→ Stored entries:
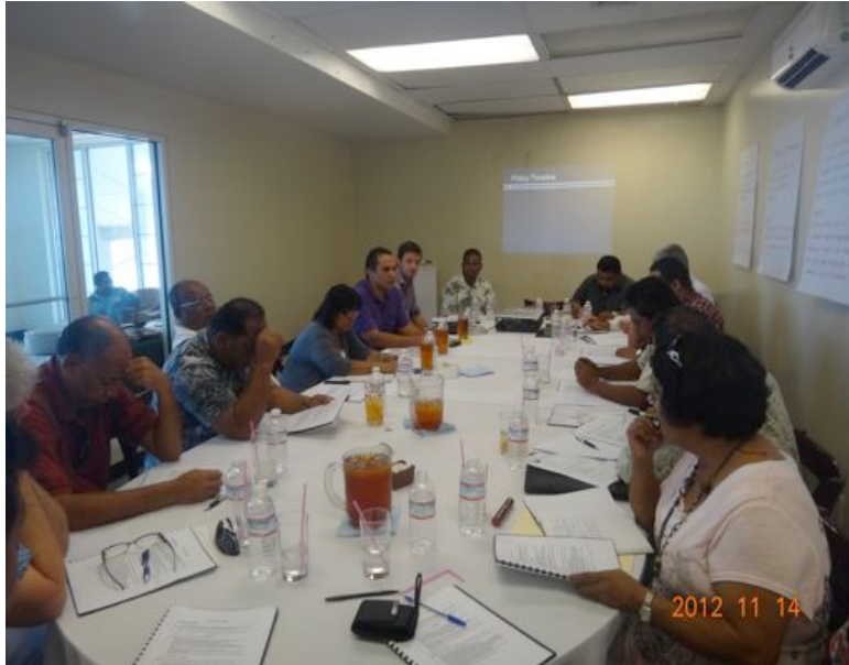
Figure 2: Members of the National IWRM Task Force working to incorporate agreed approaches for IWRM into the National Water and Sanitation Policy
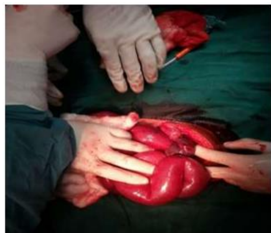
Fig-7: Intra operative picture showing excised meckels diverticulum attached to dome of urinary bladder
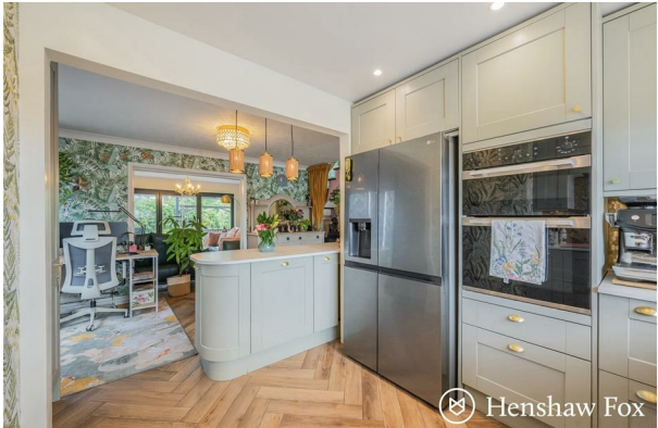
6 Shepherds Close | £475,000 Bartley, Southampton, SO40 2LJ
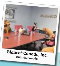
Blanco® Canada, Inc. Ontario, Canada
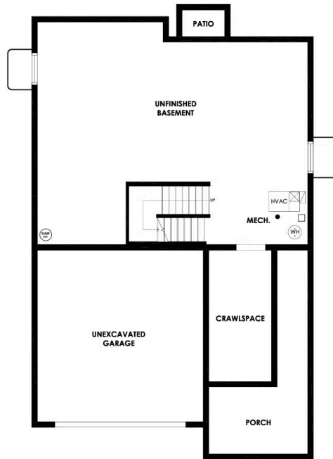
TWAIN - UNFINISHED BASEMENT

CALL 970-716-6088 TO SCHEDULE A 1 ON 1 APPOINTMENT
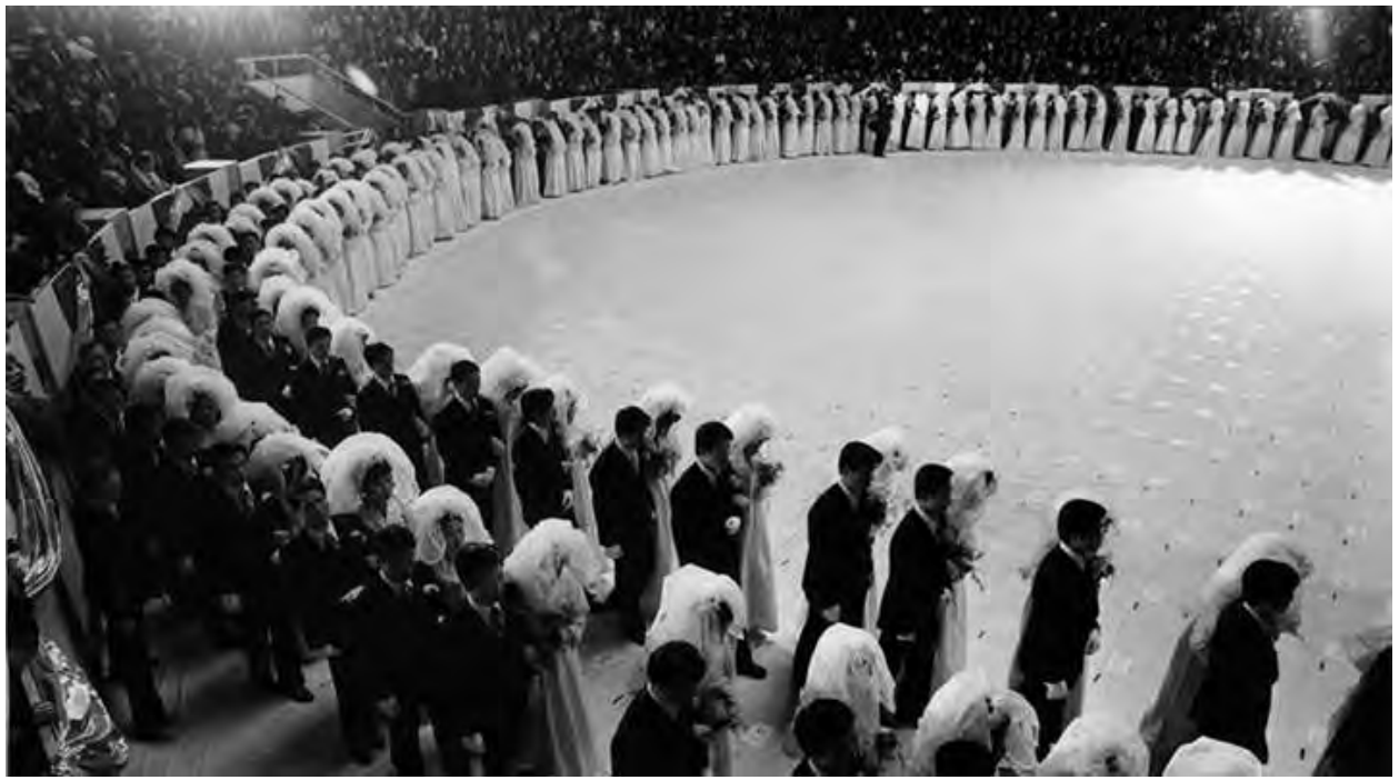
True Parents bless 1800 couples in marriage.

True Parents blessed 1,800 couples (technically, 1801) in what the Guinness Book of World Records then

...

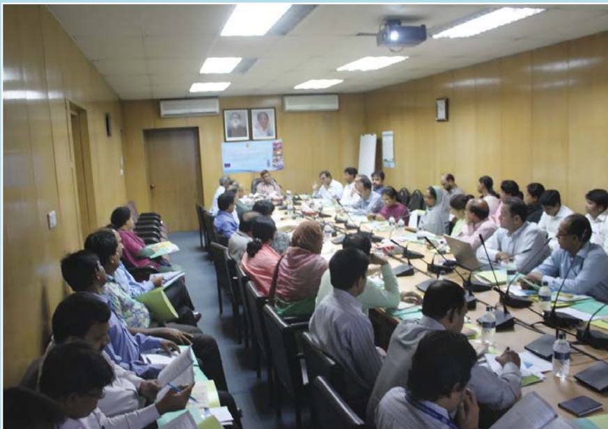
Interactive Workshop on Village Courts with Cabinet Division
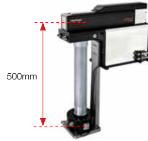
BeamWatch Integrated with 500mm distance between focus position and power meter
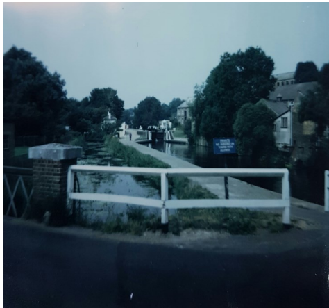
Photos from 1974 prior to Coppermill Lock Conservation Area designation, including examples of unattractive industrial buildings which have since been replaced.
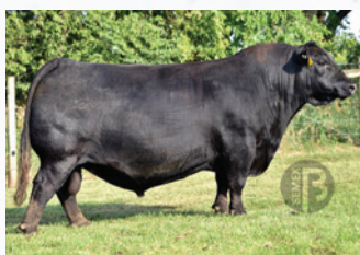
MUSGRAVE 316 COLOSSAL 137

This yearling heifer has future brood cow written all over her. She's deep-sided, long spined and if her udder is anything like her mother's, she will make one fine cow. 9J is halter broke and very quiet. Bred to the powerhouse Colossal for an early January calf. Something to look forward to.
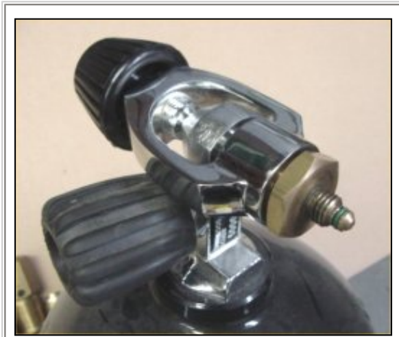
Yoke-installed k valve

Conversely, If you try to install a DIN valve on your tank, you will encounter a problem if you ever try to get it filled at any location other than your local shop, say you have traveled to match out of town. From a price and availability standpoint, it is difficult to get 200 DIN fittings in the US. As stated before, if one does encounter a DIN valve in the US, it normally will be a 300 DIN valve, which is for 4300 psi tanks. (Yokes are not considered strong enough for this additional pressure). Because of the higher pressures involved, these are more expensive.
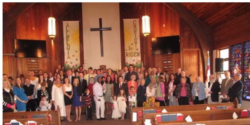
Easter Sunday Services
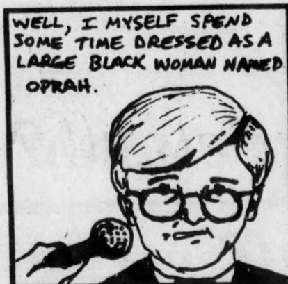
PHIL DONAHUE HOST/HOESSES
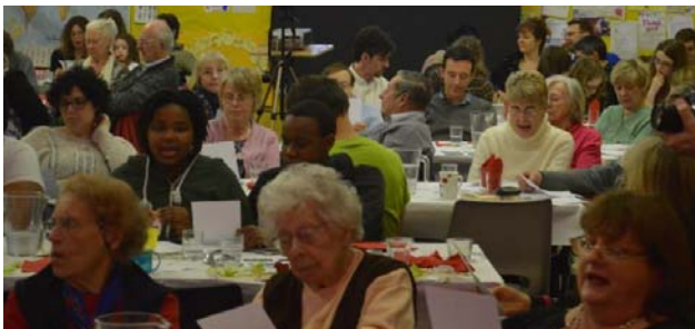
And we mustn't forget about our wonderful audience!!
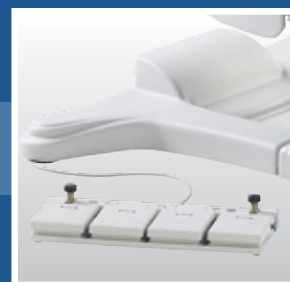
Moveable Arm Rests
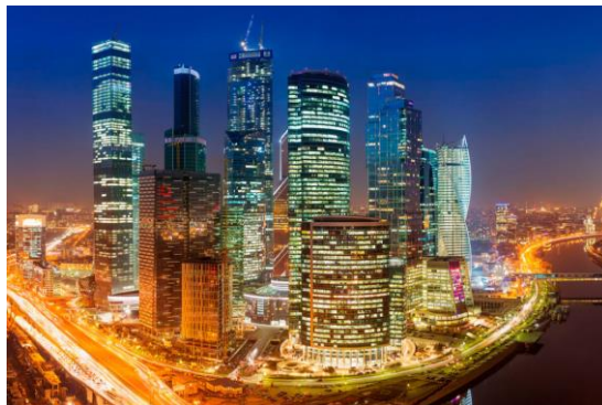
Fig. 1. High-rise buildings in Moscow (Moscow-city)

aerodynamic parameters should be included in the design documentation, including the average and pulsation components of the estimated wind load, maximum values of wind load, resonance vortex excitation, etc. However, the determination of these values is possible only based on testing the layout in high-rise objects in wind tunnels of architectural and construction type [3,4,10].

→ WORK REQUEST:
Reproduce each line above that contains "buildings".

→ RESPONSE AREA:
Photos from 1974 prior to Coppermill Lock Conservation Area designation, including examples of unattractive industrial buildings which have since been replaced.
Fig. 1. High-rise buildings in Moscow (Moscow-city)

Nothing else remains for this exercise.